Sleep restriction with about 50% sleep for 2 nights is a human experimental model of insufficient sleep, according to researchers. In healthy subjects, sleep deprivation may alter cortical inhibitory and facilitatory systems, and seems to increase pain sensitivity. Increased sensitivity to pain has previously been discovered in patients with migraine and may be associated with both increased homeostatic sleep pressure caused by increased need for sleep as well as reduced intracortical inhibition.
Despite these findings, both the underlying pathophysiology of the disease and its relationship with sleep are unexplained. In order to investigate this association further, researchers applied transcranial magnetic stimulation to analyze possible mechanisms of insufficient sleep in patients with migraine.
A team of researchers used a randomized, blinded crossover design to examine 46 subjects with migraine during the interictal period and 29 healthy controls. The interictal period refers to the time between migraines, and each subject underwent recordings of cortical silent period, short- and long-interval intracortical inhibition, intracortical facilitation, and short-latency afferent inhibition after 2 nights of habitual 8-hour sleep and 2 nights of restricted 4-hour sleep.
All subjects were between the ages of 18 and 65 and were not allowed to use prophylactic treatment during the study period or at least 4 weeks before the first examination. Migraine subjects who have tension type headache for 7 days or more per month, or significant comorbid headache such as cluster headache or hypnic headache were excluded.
According to the analysis, sleep restriction had an opposite effect on cortical silent period duration in interictal migraines and controls. The cortical silent period refers to an interruption of voluntary muscle contraction by stimulating the contralateral motor cortex. With sleep restriction, this period was reduced from 147.9 minutes to 139.6 minutes. This impact was still significant when replacing sleep condition with measured sleep time in minutes.
More severe clinical symptoms were associated with shorter cortical silent period duration for several variables, including the frequency of migraines; severity of photophobia, phonophobia, and osmophobia; and premonitory yawning. No effects were found for usual attack duration, usual attack intensity, or years with headache.
Most notably, the researchers found a significant decrease in cortical silent period duration after sleep restriction in patients with interictal migraines compared to controls. This finding was more pronounced for patients with migraines with an aura and those with non-sleep related migraines, who typically do not have attacks during or at the end of sleep.
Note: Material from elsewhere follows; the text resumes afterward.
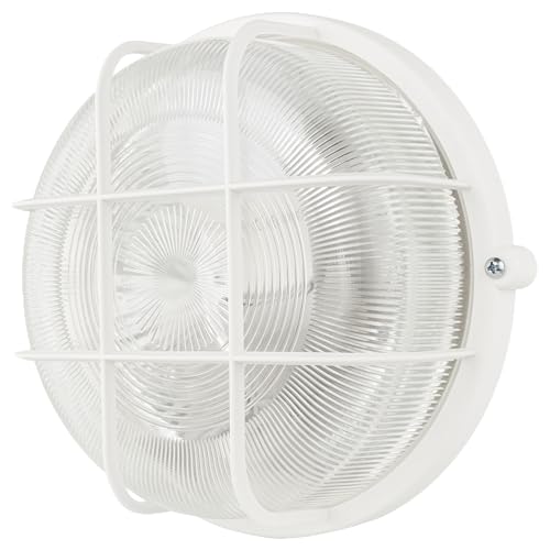 Velamp rund vägg/taklampa 22 cm. i plast + glas E27 max 60 W. IP44: kan installeras inomhus eller utomhus, polykarbonat, 60 W, vit
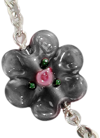 Braccialetto con grani a forma di roselline in vetro nero mm 6,5 e argento 925

The reduced duration of the cortical silent period after sleep restriction is likely mediated by reduced inhibitor GABA-B activity and could potentially be modulated by both GABA-A activity and dopaminergic mechanisms related to wakefulness. In subgroup analyses, researchers found that reduced cortical silent period was demonstrated for migraines with an aura and for patients with non-sleep related migraine attacks. However, migraine subjects without aura displayed a different pattern of results and secondary analyses suggested a slightly altered GABA-A mediated inhibition after sleep restriction.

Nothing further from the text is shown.